Task goal -> Reproduce the data below in full and to the letter, images excepted.

Items listed in a dataset:
Segment Open

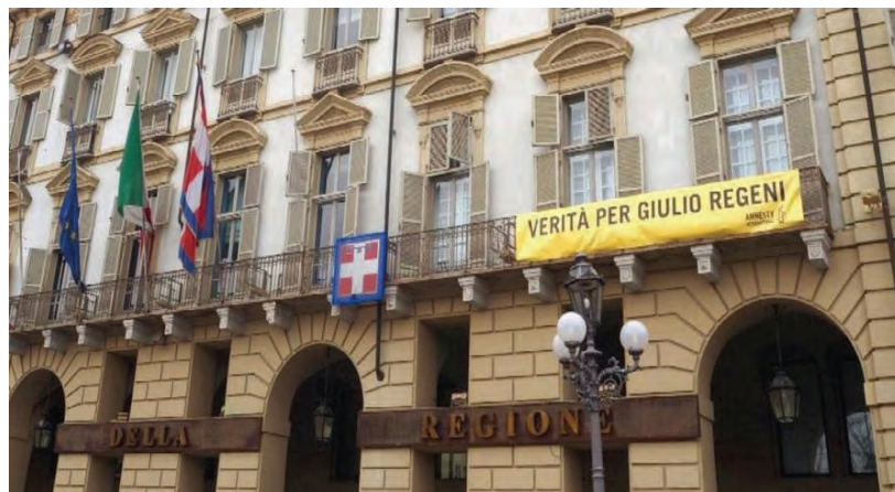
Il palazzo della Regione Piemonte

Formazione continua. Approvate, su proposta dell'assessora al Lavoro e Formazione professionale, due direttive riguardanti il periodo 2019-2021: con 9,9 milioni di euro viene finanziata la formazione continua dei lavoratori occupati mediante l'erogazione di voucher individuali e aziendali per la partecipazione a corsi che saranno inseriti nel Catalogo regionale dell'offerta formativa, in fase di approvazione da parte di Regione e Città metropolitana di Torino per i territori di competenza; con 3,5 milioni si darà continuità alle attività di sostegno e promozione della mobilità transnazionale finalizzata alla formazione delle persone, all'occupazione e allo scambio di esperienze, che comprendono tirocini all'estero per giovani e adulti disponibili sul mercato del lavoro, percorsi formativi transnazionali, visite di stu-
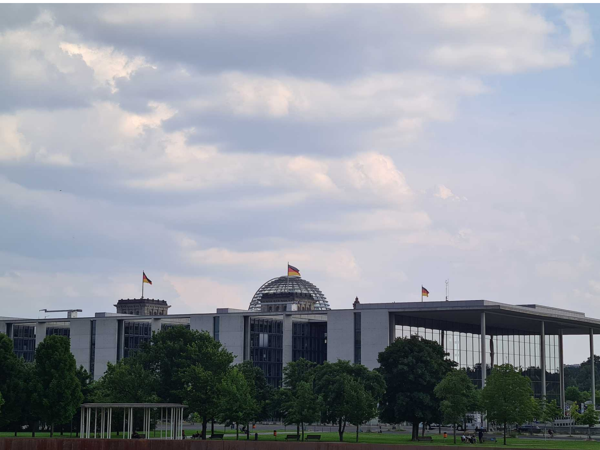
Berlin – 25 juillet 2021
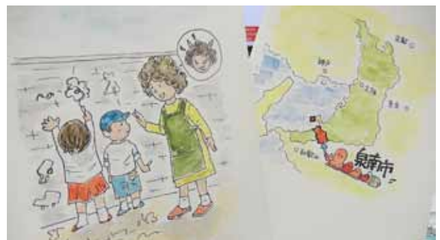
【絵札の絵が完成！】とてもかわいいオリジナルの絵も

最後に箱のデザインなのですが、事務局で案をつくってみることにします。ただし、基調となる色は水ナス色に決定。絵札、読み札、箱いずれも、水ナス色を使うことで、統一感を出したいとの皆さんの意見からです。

Segment Closed

Result for this task ->
Il palazzo della Regione Piemonte

Formazione continua. Approvate, su proposta dell'assessora al Lavoro e Formazione professionale, due direttive riguardanti il periodo 2019-2021: con 9,9 milioni di euro viene finanziata la formazione continua dei lavoratori occupati mediante l'erogazione di voucher individuali e aziendali per la partecipazione a corsi che saranno inseriti nel Catalogo regionale dell'offerta formativa, in fase di approvazione da parte di Regione e Città metropolitana di Torino per i territori di competenza; con 3,5 milioni si darà continuità alle attività di sostegno e promozione della mobilità transnazionale finalizzata alla formazione delle persone, all'occupazione e allo scambio di esperienze, che comprendono tirocini all'estero per giovani e adulti disponibili sul mercato del lavoro, percorsi formativi transnazionali, visite di stu-
Berlin – 25 juillet 2021
【絵札の絵が完成！】とてもかわいいオリジナルの絵も

最後に箱のデザインなのですが、事務局で案をつくってみることにします。ただし、基調となる色は水ナス色に決定。絵札、読み札、箱いずれも、水ナス色を使うことで、統一感を出したいとの皆さんの意見からです。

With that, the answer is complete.